La posibilidad de deshacer posiciones en activos estadounidenses, que cotizan en los mercados más líquidos del mundo, está ahí, si bien su impacto en la estabilidad financiera internacional sería limitado. Judith Arnal, investigadora principal para Asuntos Económicos del Real Instituto Elcano, sostiene que “el peso del Golfo en los mercados financieros estadounidenses es modesto: muy lejos de la masa crítica que sí tienen Japón, Reino Unido o China para mover precios en los treasuries o en Wall Street”. En conjunto, las posiciones en Bolsa estadounidense de los fondos soberanos de países del golfo Pérsico rondan apenas el 1% de la capitalización del S&P 500, añade Arnal, mientras que ninguno de estos países figura entre los diez mayores tenedores extranjeros de deuda soberana estadounidense.

Los inversores extranjeros poseen en torno al 30% de la deuda pública estadounidense. A cierre de febrero, según los datos del Tesoro de EE UU, Japón se mantiene como principal tenedor, con 1,24 billones de dólares; seguido de Reino Unido, con 897.300 millones, y China, con 693.300. A gran distancia aparece Arabia Saudí, con 160.400 millones de dólares en bonos de EE UU. Los analistas coinciden en que una venta por parte de Japón sí tendría un impacto significativo en el mercado financiero global. “El aumento de los rendimientos de los bonos japoneses, combinado con cualquier fortalecimiento significativo del yen frente al dólar estadounidense, podría llevar a los inversores japoneses a reasignar capital de los bonos del Tesoro de EEUU hacia los bonos soberanos de Japón y otros activos de renta fija en Japón”, señala la firma de inversiones Lazard.

Los fondos soberanos de Emiratos Árabes Unidos, Kuwait y Arabia Saudí están entre los cinco mayores del mundo, solo por detrás de los fondos de Noruega y China. El saudí —Public Investment Fund (PIF)—, confirmó recientemente su estrategia de inversión en Europa pero advirtió de que, si el conflicto bélico se prolonga, deberá reevaluar ciertos aspectos de su enfoque inversor.

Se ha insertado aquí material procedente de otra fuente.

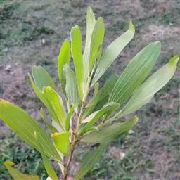 幼苗具二回羽状复叶,末回每个分枝叶柄上有小叶6-8对,幼苗第4片真叶才开始变态,即小叶退化,叶柄呈叶状,变态叶披针形、革质,长10-25厘米,宽1.5-5厘米,两端渐狭,顶端略钝,平行脉3-6条(其中3条特别明显)。大叶相思宽大的假叶互生,呈椭圆形,长约10厘米;虽然它们在外貌上和真正的叶子没甚么分别,亦可进行光合作用,但其实那只是叶柄,不是真正的叶子。真叶只在幼苗时期才出现。

La venta de activos estadounidenses sería una opción para los países del Golfo, aunque con un grave efecto secundario por el que, según Arnal, tampoco les interesaría hacerlo. “Sus monedas están ancladas al dólar, su comercio exterior se factura mayoritariamente en dólares y sus fondos soberanos tienen el grueso de sus carteras en activos dolarizados. Una caída brusca del dólar erosionaría el valor de su propia riqueza acumulada”, explica. “Son economías muy estresadas y que tienen que aguantar su tipo de cambio con el dólar”, puntualiza Víctor Burguete, investigador sénior en el área de Geopolítica Global y Seguridad de CIDOB (Barcelona Centre for International Affairs).

Mientras se extiende la duración del conflicto, las previsiones económicas para los países del Golfo son sombrías, aunque haya también importantes diferencias. Goldman Sachs calcula una contracción del PIB de Omán de apenas el 1% en un escenario de guerra prolongada, en contraste con su estimación para el PIB de Qatar y Kuwait, que podría desplomarse el 14%. “Arabia Saudí está moderadamente expuesta, con una contracción potencial del PIB de algo más del 3 %, mientras que los Emiratos Árabes Unidos podrían registrar una caída de alrededor del 5 % en 2026″, añade. De hecho, estos países están explotando el uso de sus oleoductos para dar salida a buena parte de su producción de petróleo a través del mar Rojo y la costa de Omán, como alternativa al paso por Ormuz.